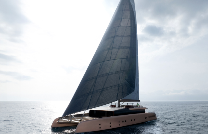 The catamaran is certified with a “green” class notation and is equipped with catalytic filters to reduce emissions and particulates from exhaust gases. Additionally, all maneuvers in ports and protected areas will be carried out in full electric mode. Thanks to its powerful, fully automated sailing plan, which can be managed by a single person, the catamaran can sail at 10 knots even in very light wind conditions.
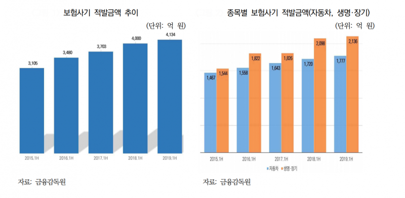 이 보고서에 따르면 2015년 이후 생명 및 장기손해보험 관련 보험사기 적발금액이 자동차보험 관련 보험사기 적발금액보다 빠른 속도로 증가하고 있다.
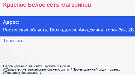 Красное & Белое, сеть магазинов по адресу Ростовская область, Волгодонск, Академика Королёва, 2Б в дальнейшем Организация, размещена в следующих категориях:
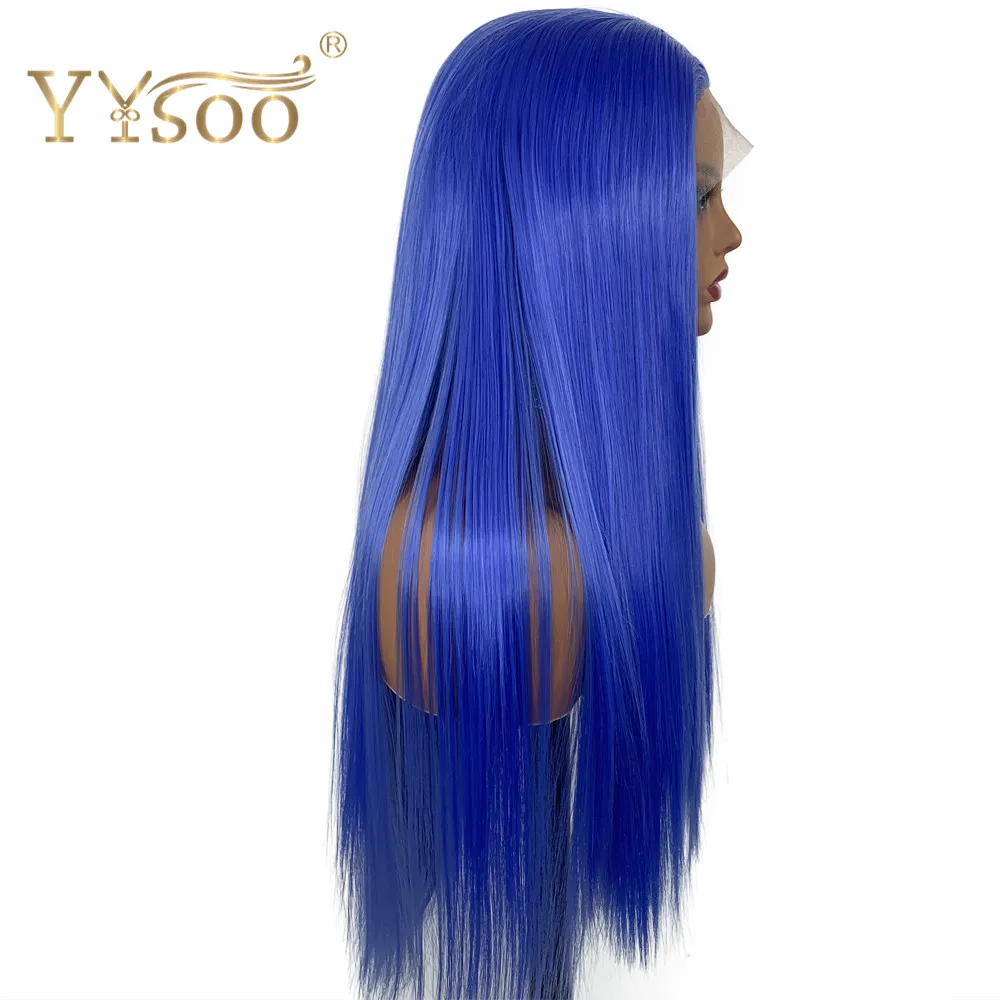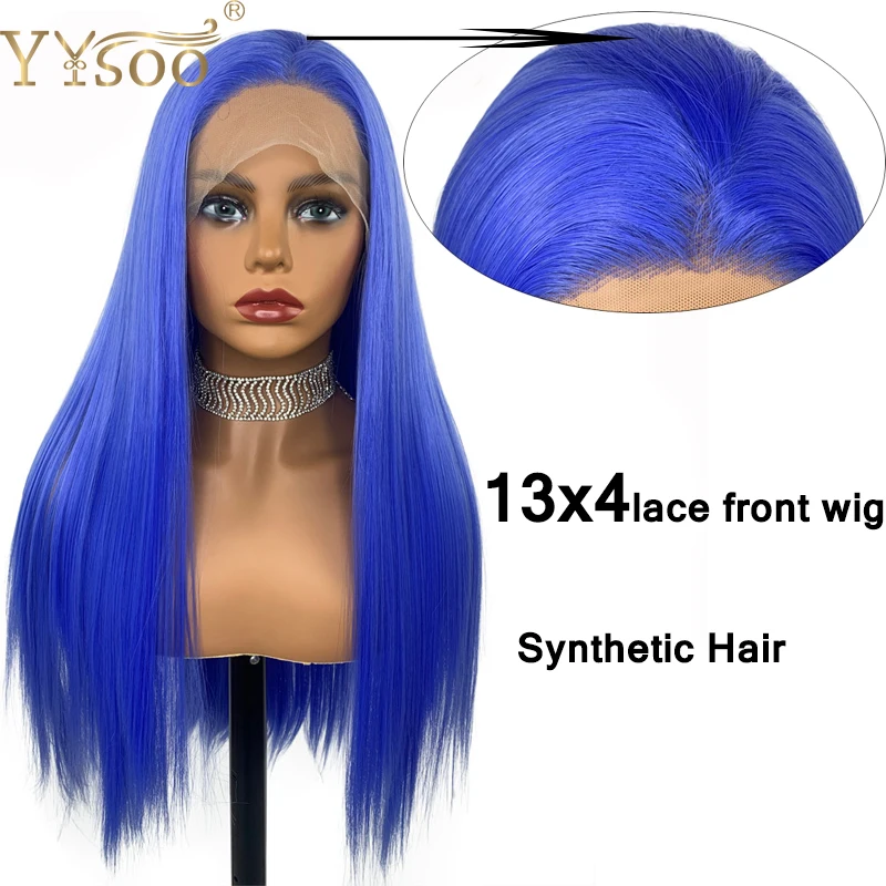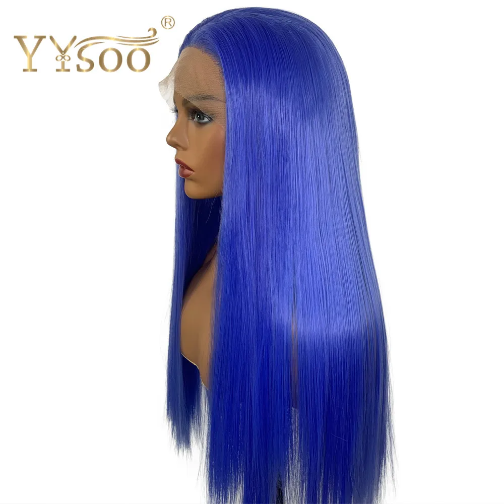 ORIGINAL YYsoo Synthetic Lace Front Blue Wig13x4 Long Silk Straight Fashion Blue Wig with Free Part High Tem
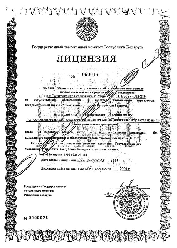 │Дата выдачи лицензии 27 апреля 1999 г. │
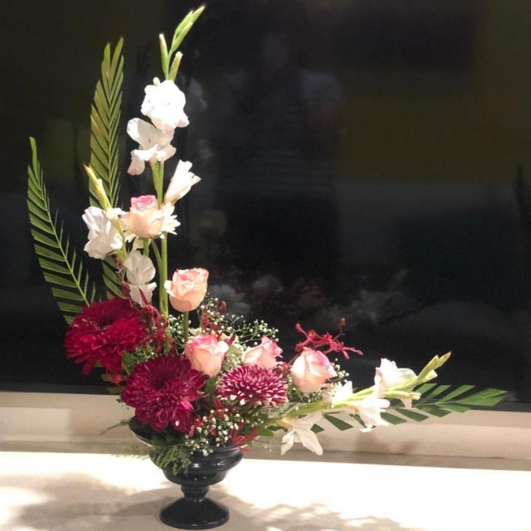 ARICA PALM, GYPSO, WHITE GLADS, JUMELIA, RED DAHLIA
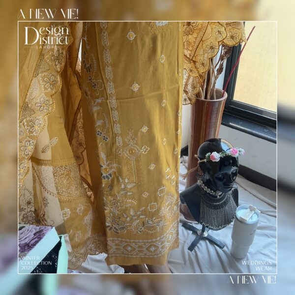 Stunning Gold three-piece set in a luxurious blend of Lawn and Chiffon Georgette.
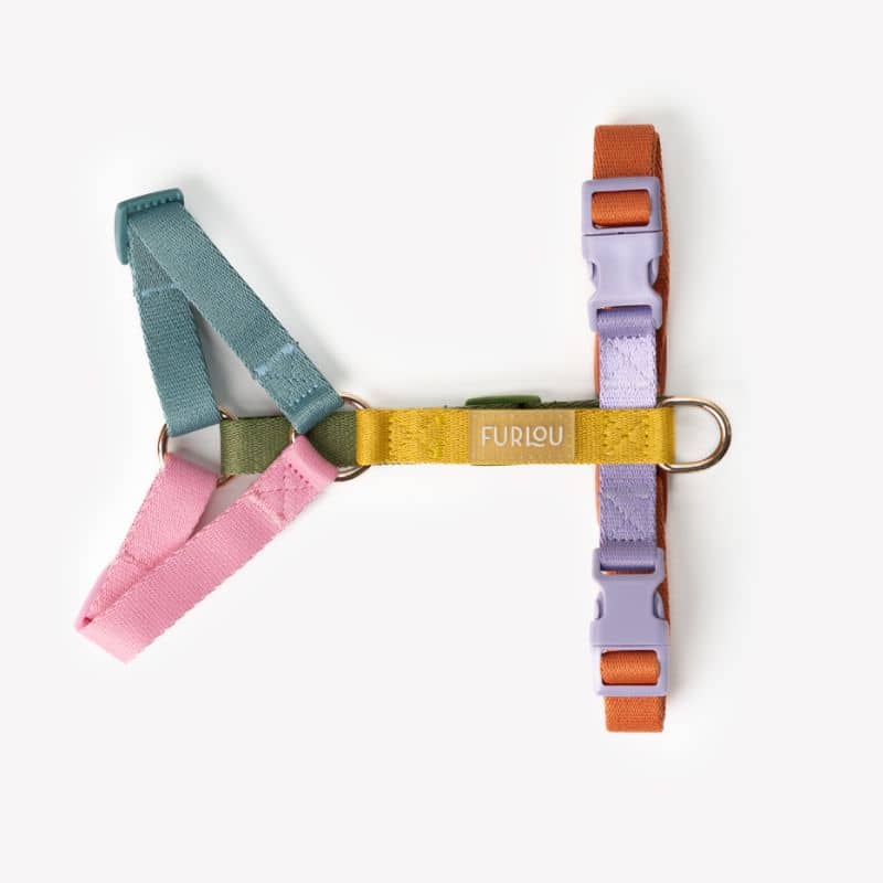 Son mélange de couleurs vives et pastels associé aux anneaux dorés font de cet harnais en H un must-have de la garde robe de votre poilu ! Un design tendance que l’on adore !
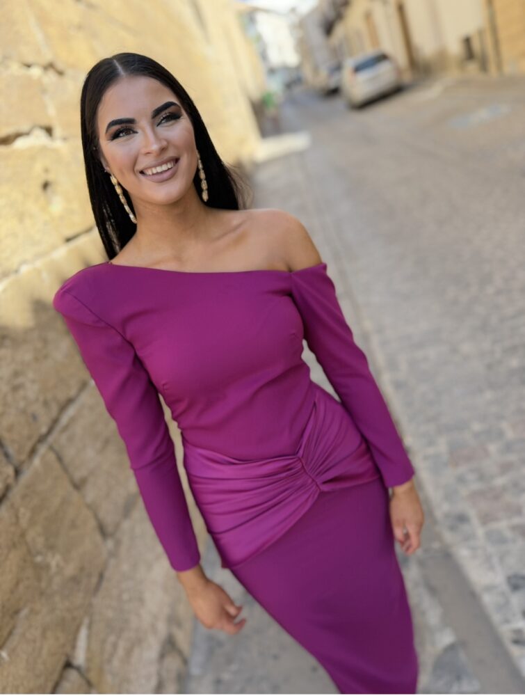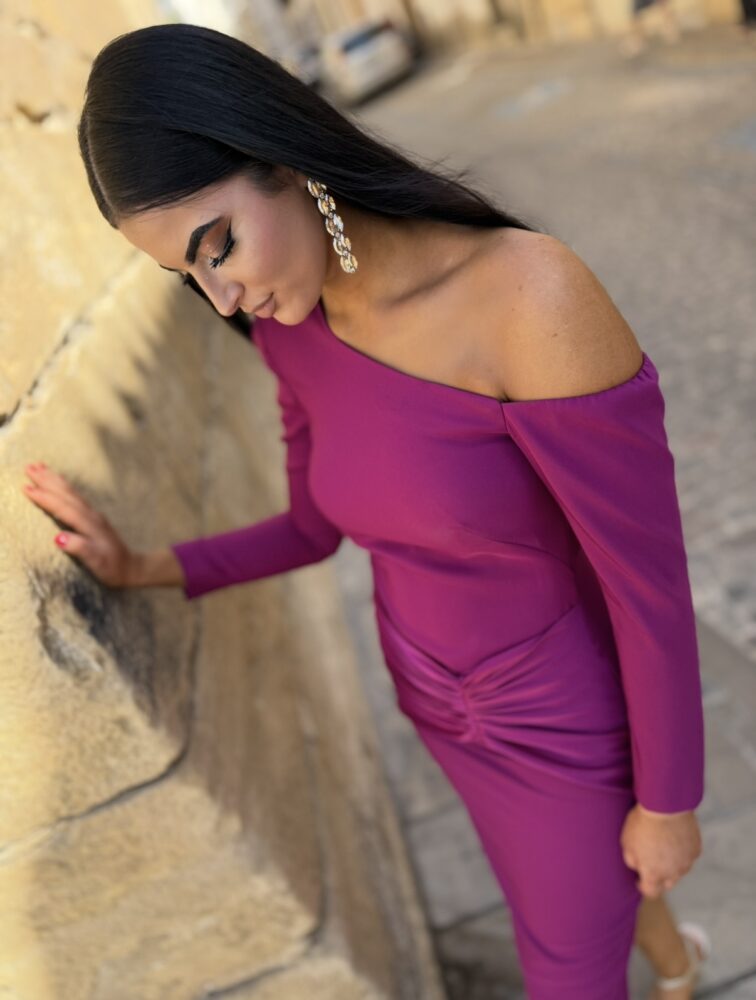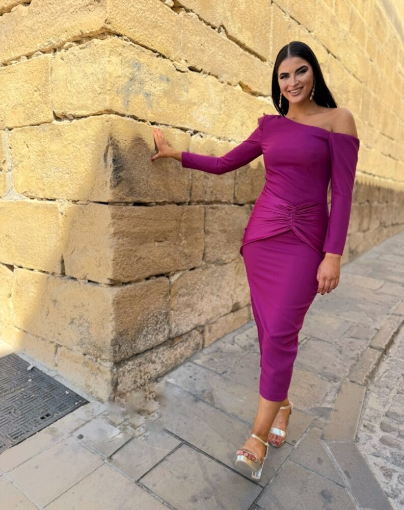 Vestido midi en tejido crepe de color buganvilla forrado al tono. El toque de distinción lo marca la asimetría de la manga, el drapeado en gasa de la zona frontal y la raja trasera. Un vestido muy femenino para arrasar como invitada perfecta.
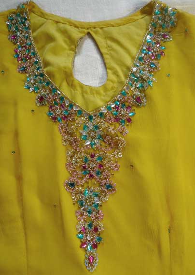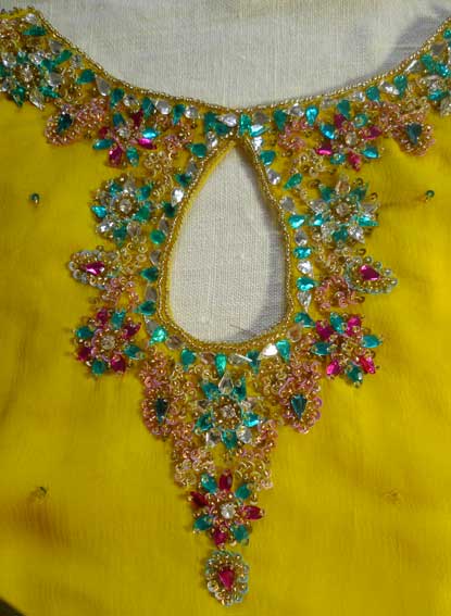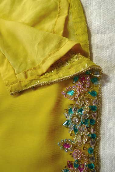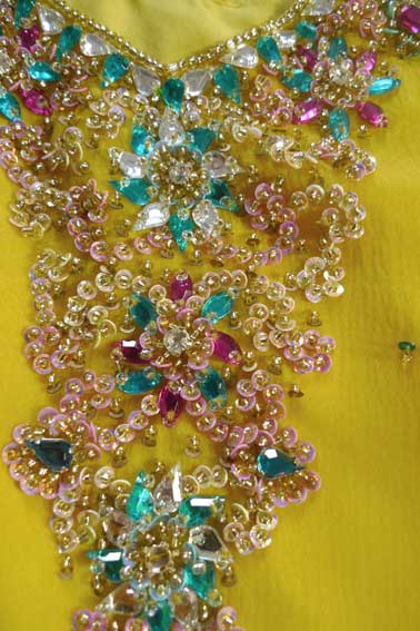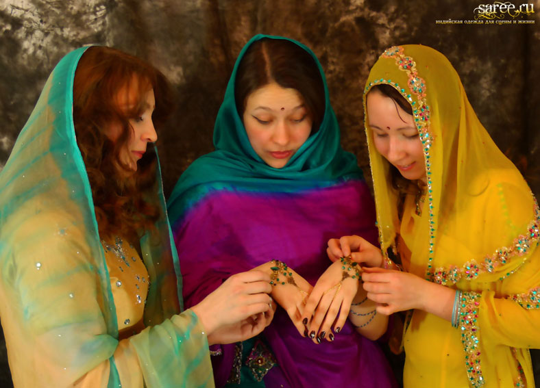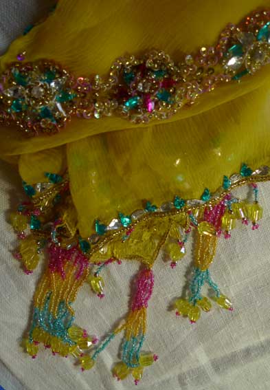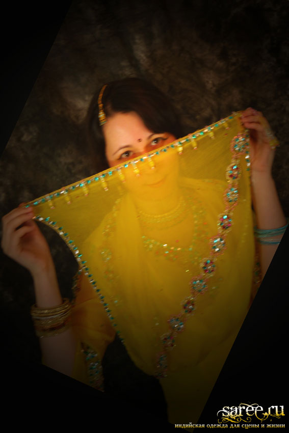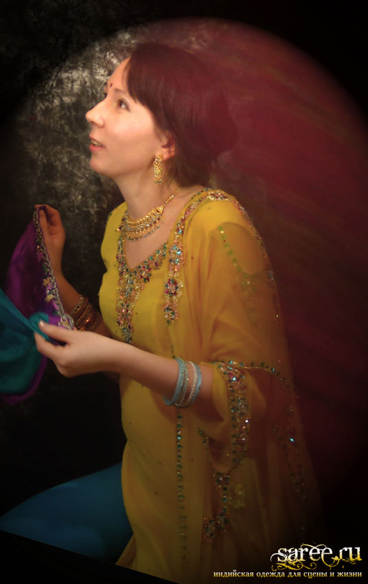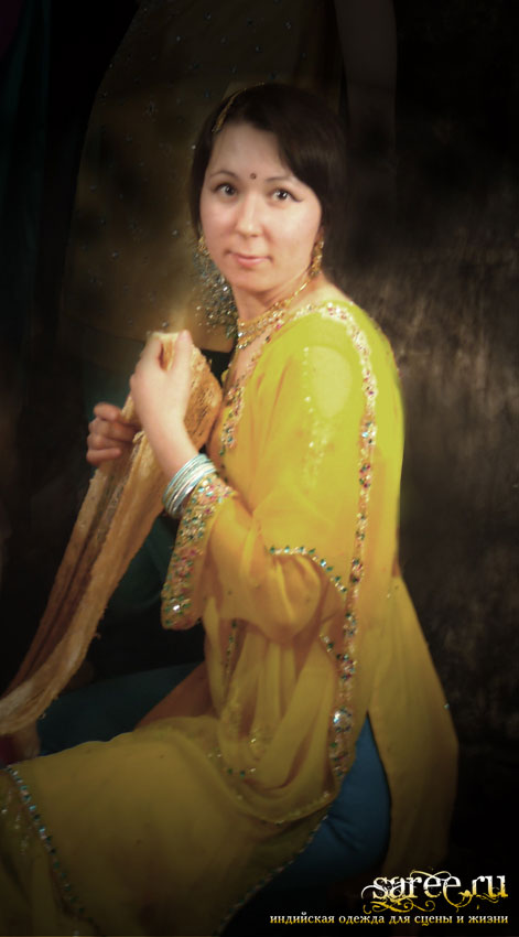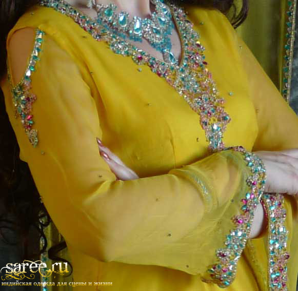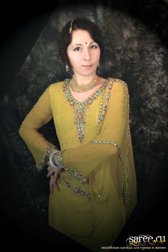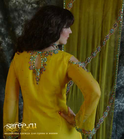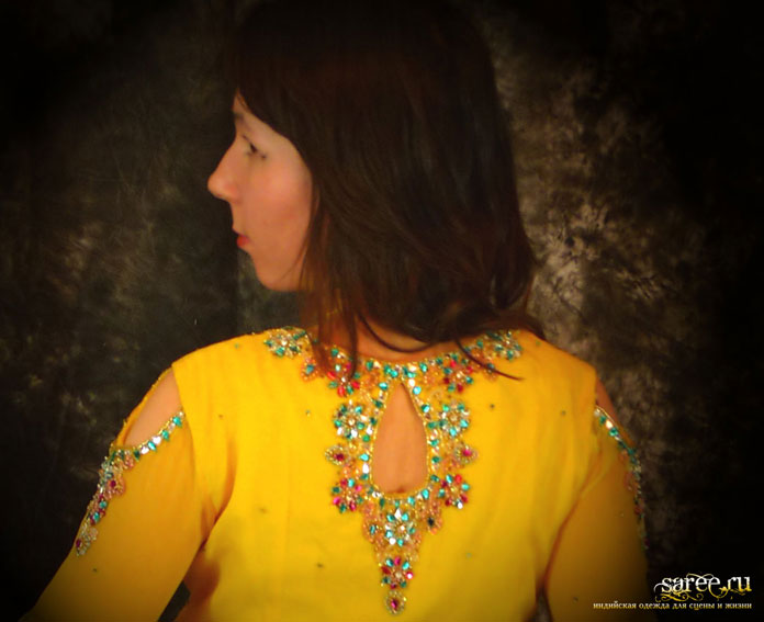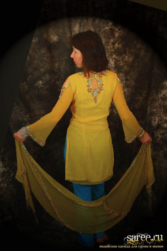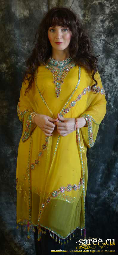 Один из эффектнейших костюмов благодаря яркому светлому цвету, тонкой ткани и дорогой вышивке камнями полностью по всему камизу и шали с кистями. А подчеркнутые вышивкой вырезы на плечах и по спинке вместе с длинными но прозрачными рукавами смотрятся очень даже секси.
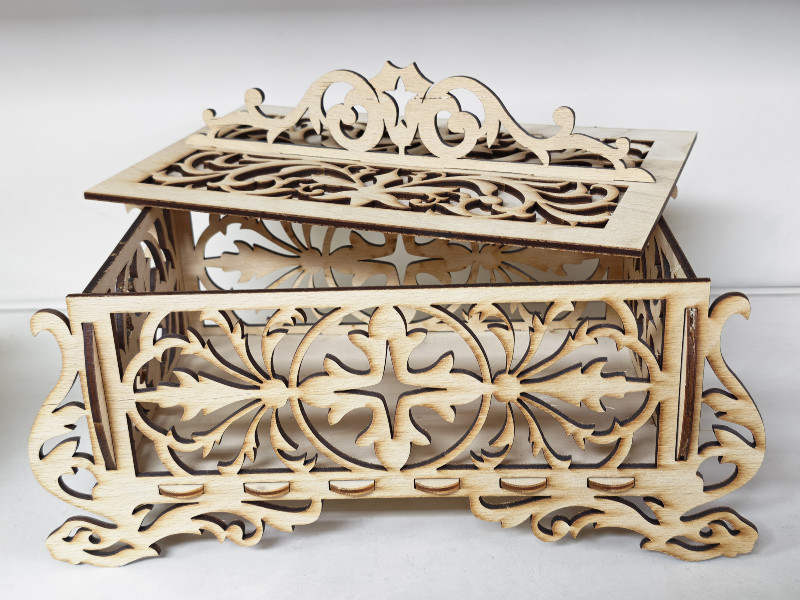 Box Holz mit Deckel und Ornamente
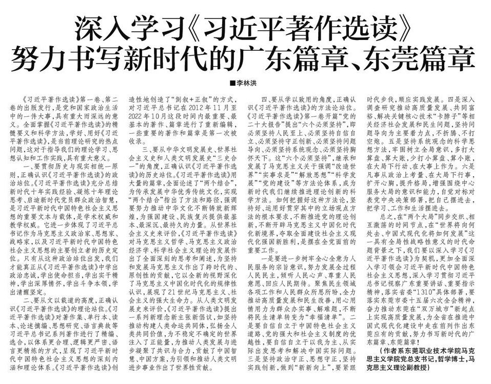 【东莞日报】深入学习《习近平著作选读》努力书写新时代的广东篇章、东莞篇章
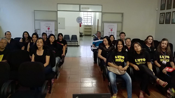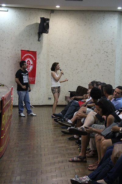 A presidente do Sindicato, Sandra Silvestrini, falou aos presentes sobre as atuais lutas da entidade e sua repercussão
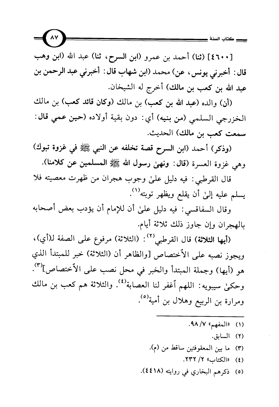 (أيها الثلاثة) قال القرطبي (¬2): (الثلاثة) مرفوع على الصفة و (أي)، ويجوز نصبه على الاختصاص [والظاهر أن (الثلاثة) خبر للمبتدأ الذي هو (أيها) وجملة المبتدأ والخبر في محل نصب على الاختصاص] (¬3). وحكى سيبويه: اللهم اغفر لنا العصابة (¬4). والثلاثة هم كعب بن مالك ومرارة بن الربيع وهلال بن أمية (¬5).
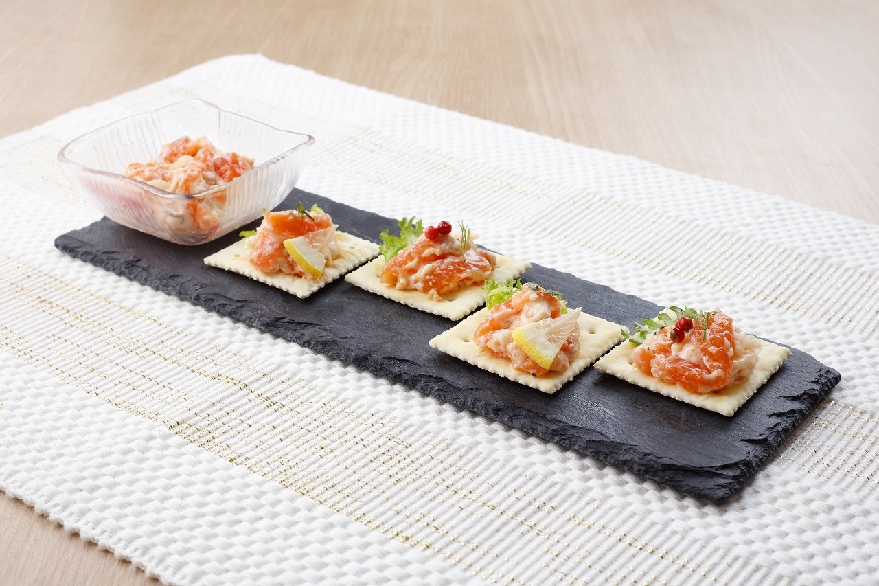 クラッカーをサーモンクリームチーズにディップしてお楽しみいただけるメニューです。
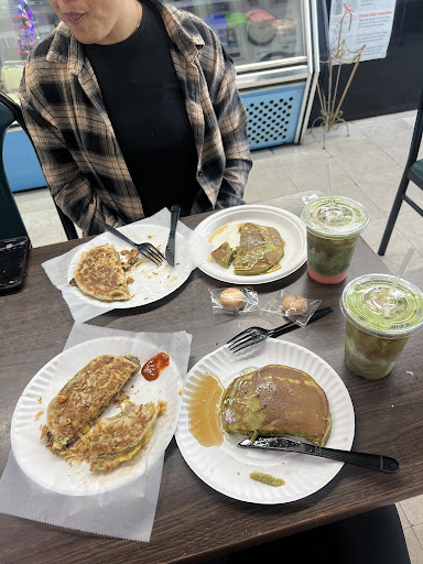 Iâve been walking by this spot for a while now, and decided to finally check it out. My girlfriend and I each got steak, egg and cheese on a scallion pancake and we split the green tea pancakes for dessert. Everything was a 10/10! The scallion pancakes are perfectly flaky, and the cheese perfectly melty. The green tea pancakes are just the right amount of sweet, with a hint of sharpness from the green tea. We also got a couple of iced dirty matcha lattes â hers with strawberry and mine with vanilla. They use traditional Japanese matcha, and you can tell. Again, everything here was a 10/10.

########

TASK REQUIREMENTS:
Nothing outside the stretch above, from the line with "Один из эффектнейших" through the line with "クラッカーをサーモンクリーム", is set down. Transcribe that stretch exactly, ends included, but not its pictures.

TASK ANSWER:
 Один из эффектнейших костюмов благодаря яркому светлому цвету, тонкой ткани и дорогой вышивке камнями полностью по всему камизу и шали с кистями. А подчеркнутые вышивкой вырезы на плечах и по спинке вместе с длинными но прозрачными рукавами смотрятся очень даже секси.
 Box Holz mit Deckel und Ornamente
 【东莞日报】深入学习《习近平著作选读》努力书写新时代的广东篇章、东莞篇章
 A presidente do Sindicato, Sandra Silvestrini, falou aos presentes sobre as atuais lutas da entidade e sua repercussão
 (أيها الثلاثة) قال القرطبي (¬2): (الثلاثة) مرفوع على الصفة و (أي)، ويجوز نصبه على الاختصاص [والظاهر أن (الثلاثة) خبر للمبتدأ الذي هو (أيها) وجملة المبتدأ والخبر في محل نصب على الاختصاص] (¬3). وحكى سيبويه: اللهم اغفر لنا العصابة (¬4). والثلاثة هم كعب بن مالك ومرارة بن الربيع وهلال بن أمية (¬5).
 クラッカーをサーモンクリームチーズにディップしてお楽しみいただけるメニューです。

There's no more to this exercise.